**YOUR INSTRUCTIONS:**
Please output, exactly and without pictures, the lines from the opening of the listing below through the line containing "All roads lead", both included.

**TASK MATERIAL:**
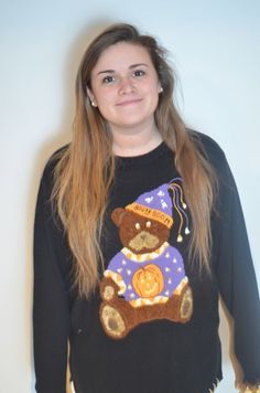 38. Nothing makes a great Halloween sweater than a candy corn eyed teddy bear in a costume.
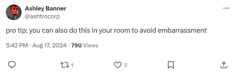 All roads lead to you sharing whatever your new thing is with other people. An audience will be present at the times of utmost importance, and you can’t let that stupid idea in your head, that they’re thinking that deeply about you, take over.
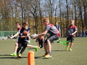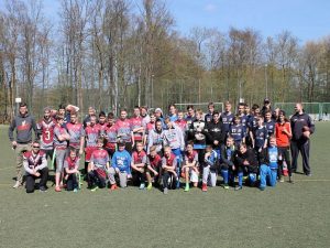 Der Kommentator von Greifswald-TV, die ausführlich über das Turnier berichteten, kommentierte unsere Jungs dementsprechend mit „spielerisch und physisch eine Nummer zu groß“ für die anderen Teams. Besonders fit an diesem Tag war Paul Händler, der gleich im ersten Spiel 3 Interceptions (gegnerische Pässe) fing. Sogar unser kleiner Max Paetow konnte kurz vor Schluss des Turnieres, in seinem allerersten Spiel, 2 Punkte nach Hause tragen. Herzlichen Glückwunsch!
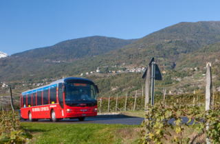 夏季にのみ運行するベルニナバス。ベルニナ急行の南の発着地 Tirano とスイスの避暑地である Lugano を結ぶれーティッシュ鉄道が運営するバスです。
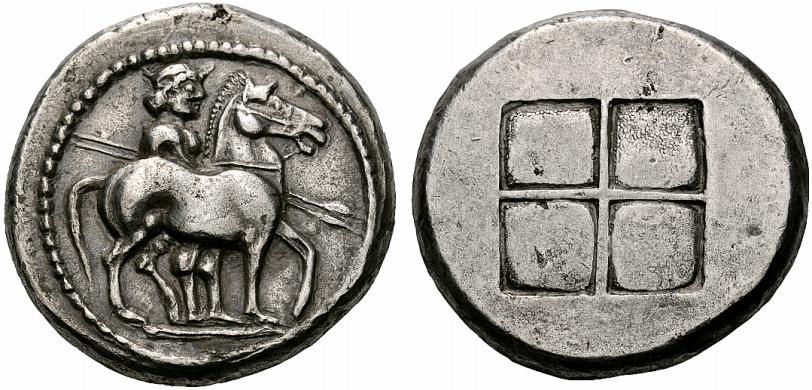 I like best the oktadrachm. I suspect that the surface issues drove away the female bidders who did not weight in the provenance factor. This die is particularly well engraved, as the engraver wisely let one leg of the horse and one leg of the man overlap. There are others where the man's legs seem to be disconnected and advancing in front of his body:
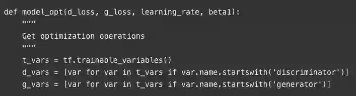 我们需要定义三个损失函数,而不是仅具有单个损失函数:发生器的损失函数,使用真实图像时鉴别器的损失函数,以及使用假图像时鉴别器的损失函数。假图像和真实图像损失的总和理应是整体鉴别器损失。
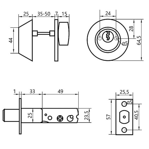 - pasuje do drzwi o grubości do 50 mm
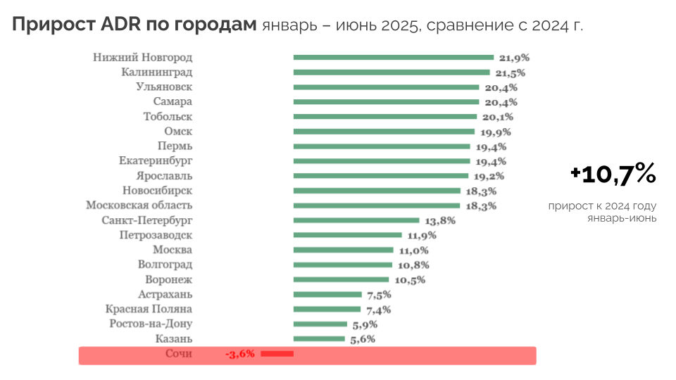 1. С начала 2025 года рост средней цены за номер (ADR) сохраняется, но прослеживается тренд на сокращение темпов прироста. В первом полугодии 2025 года средний рост цен по городам России составил около 11%. В аналогичном периоде 2024 года показатель достигал 22%, т.е. темпы прироста
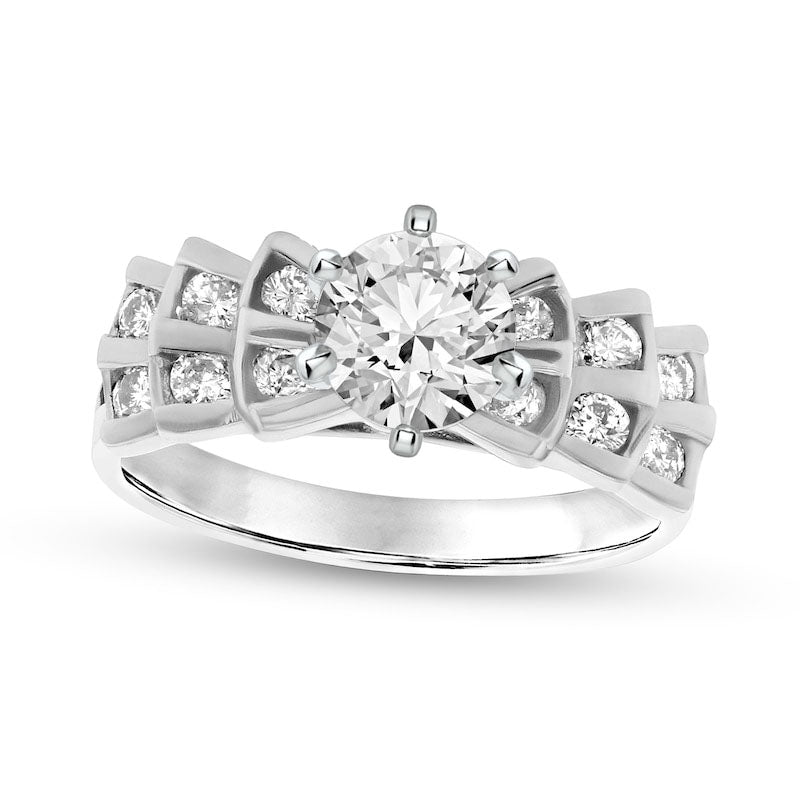 Surprise your beloved with this charming diamond engagement ring that perfectly captures her style. Crafted in 14K white gold, this exquisite piece features a whimsical design with a sculpted shank in the shape of a layered bow. The center diamond is a stunning 1/2 ct. stone with a color ranking of I and clarity of SI2, and the rest of the ring is adorned with channel-set diamonds that add to its captivating allure. With a total weight of 7/8 ct. t.w., this engagement ring is a delightful expression of your love that will take her breath away.
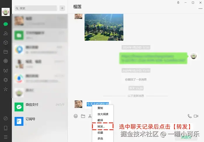 方法一:联系好友转发微信聊天记录
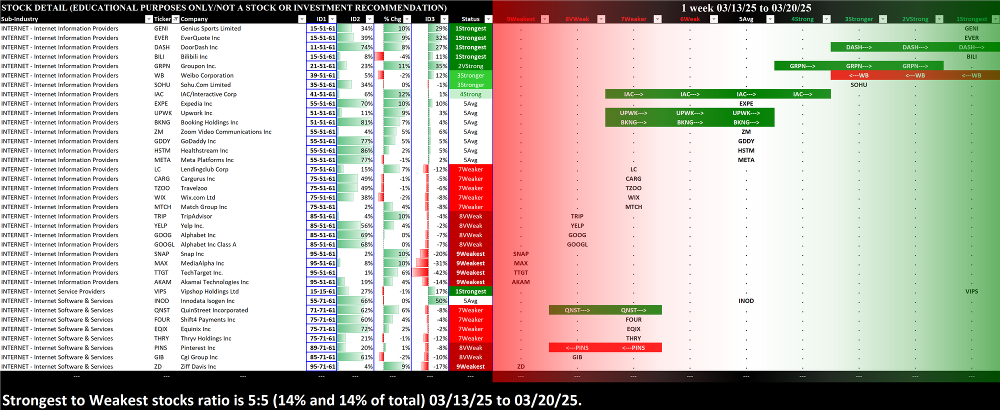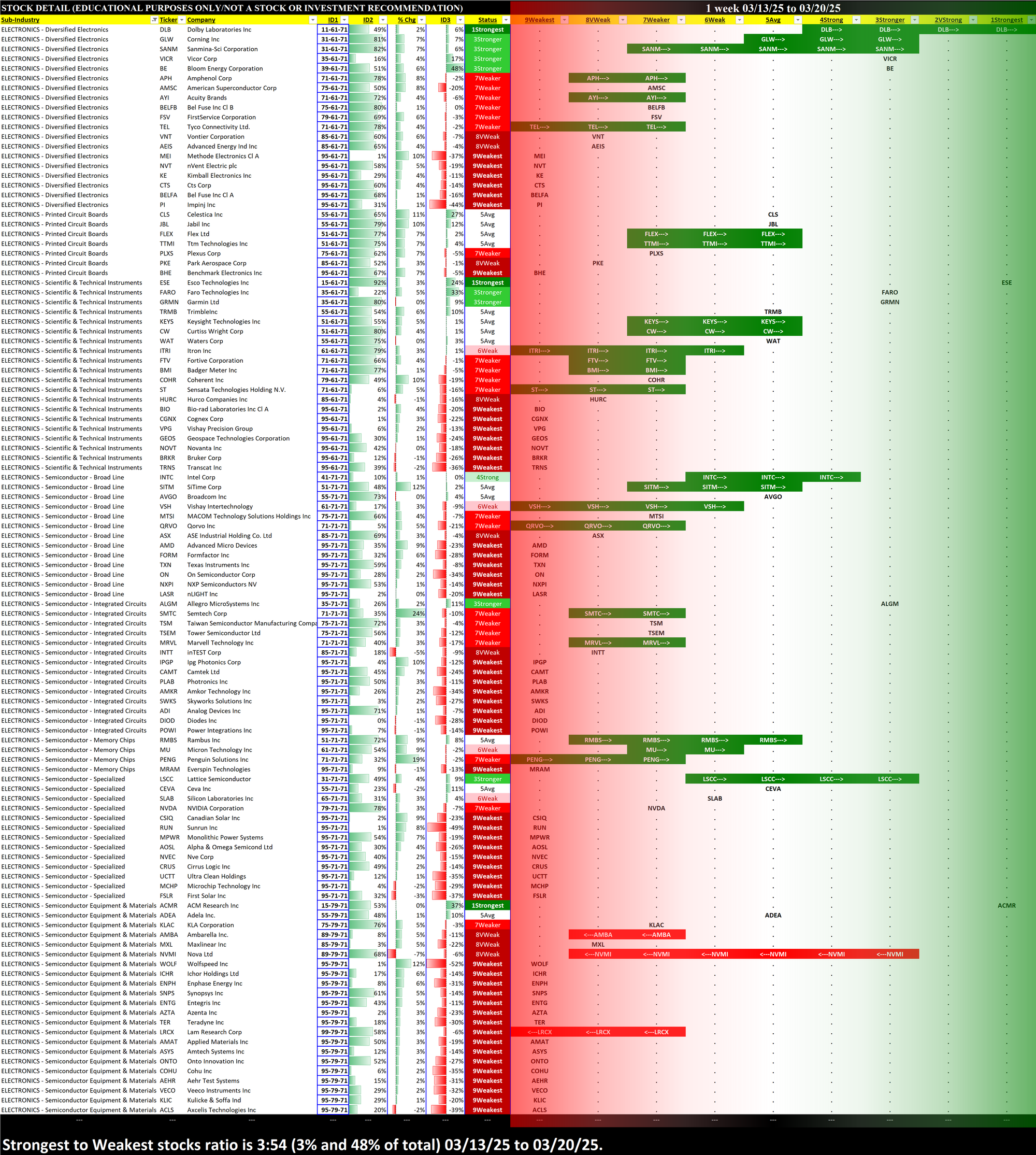- INDUSTRY 1-Week Strengthening, Positive/Negative % Stocks

**TASK RESPONSE:**
 38. Nothing makes a great Halloween sweater than a candy corn eyed teddy bear in a costume.
 All roads lead to you sharing whatever your new thing is with other people. An audience will be present at the times of utmost importance, and you can’t let that stupid idea in your head, that they’re thinking that deeply about you, take over.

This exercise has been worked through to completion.